In some implementations, the key structure of the initial database and the long term database is configured to ensure that query access to both the initial database and the long term database remains responsive even in situations where there is a burdensome amount of data in the initial database and/or the long term database or where there is a significant rate of ingestion that would affect database performance. In one embodiment, the range of values used for a timestamp-based key in the initial database is a custom range that is based on the combination of a timestamp and a device ID (for example of the sensor capturing the data stream). Using custom ranges based on device ID is useful at least in part because it allows a separate querying computing entity to pull all device data from a specific device by omitting the timestamp (e.g., such as in the pulls done by the long term database where often a significant amount of data may have been collected over the course of a/an hour, day, week, month, year, or period of years), or over specific time ranges by specifying individual timestamps or timestamp ranges. Specifying a specific timestamp or timestamp range in query or other data retrieval significantly narrows the search space within the data storage infrastructure, allowing for rapid pulls without a significant amount of processing time or processing power required by the computing devices providing and/or interacting with the data storage infrastructure.

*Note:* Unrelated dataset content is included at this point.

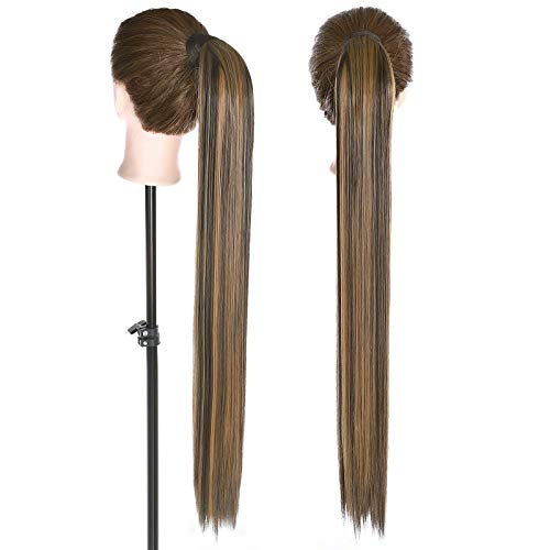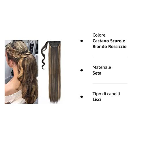 SEGO Coda Capelli Clip Fascia Unica Ponytail Cavallo Hair Lisci Posticci Donna 80cm 140g - Castano Scuro e Biondo Rossiccio

In some embodiments, the data arriving at the initial database is somewhat uniform in data size, for example when receiving a data stream of sensor data from a set of sensors. Generally, sensor type data is 8-32 bytes per datum. For example, the received data may be floating point values with timestamps or other similarly short-form data. In some implementations, the data received by the initial database is similar across the different providers of data of a given type. For example, across different sensors providing the same type of data. More specifically, monitoring sensors of a given type will in general provide data in the same format, and generally the provided data will be of short-form to make regular reporting to the initial database efficient.

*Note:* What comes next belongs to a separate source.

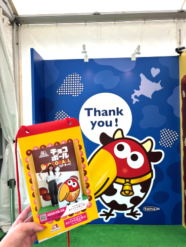 森永製菓さまのブースでは、巨大な「チョコボール」のパッケージの前で記念撮影ができるフォトスポットを設置。「DNP画像合成ソフトPD」による撮影システムを活用し、その場でプリントしてお渡しする体験を提供しました。さらに、撮影した写真はオリジナルの「チョコボールバッグ」の背面に飾ることもでき、来場者の手元に残る特別な記念品として展開されました。

Additionally, sensor data (or any other suitable data) can be received in a suitable file format to be stored in the data storage infrastructure. Sensor data or other suitable timeseries data can be received in a suitable format that can represent a series of sampled values. For example, data can be received in a proprietary binary or delimited text format, a timeseries file format (such as .mef, .mefd.gz, .edf, .tdms, .lay, .dat, or .nex), or any other suitable file format (such as .e, .continuous, .spikes, .events, .nev, .nsl, ,settings, ,data, ,index, .mat, or .m).
Both continuous and unit sensor data can be received by the data storage infrastructure. Continuous data is captured by the sensor or other reporting device at regular intervals and provides continuous stream of information on the measured parameter based on the sampling frequency of the continuous data. In contrast, unit data can report an event each time a triggering condition is met (for example, each time a specific event is captured by the sensor). Such data is associated with a timestamp of the event as it is captured to a level of precision based on the resolution of the unit data.
II. Computing Environment OverviewThe data storage infrastructure 105 itself may comprise one or more computing devices or virtual machines instances spread over a variety of machines, or any other combination of physical or virtual software instances designed to support the operation of the databases. The data storage infrastructure 105 also includes any physical computing and software logic needed to support the operations herein (for example, the control logic layer 130).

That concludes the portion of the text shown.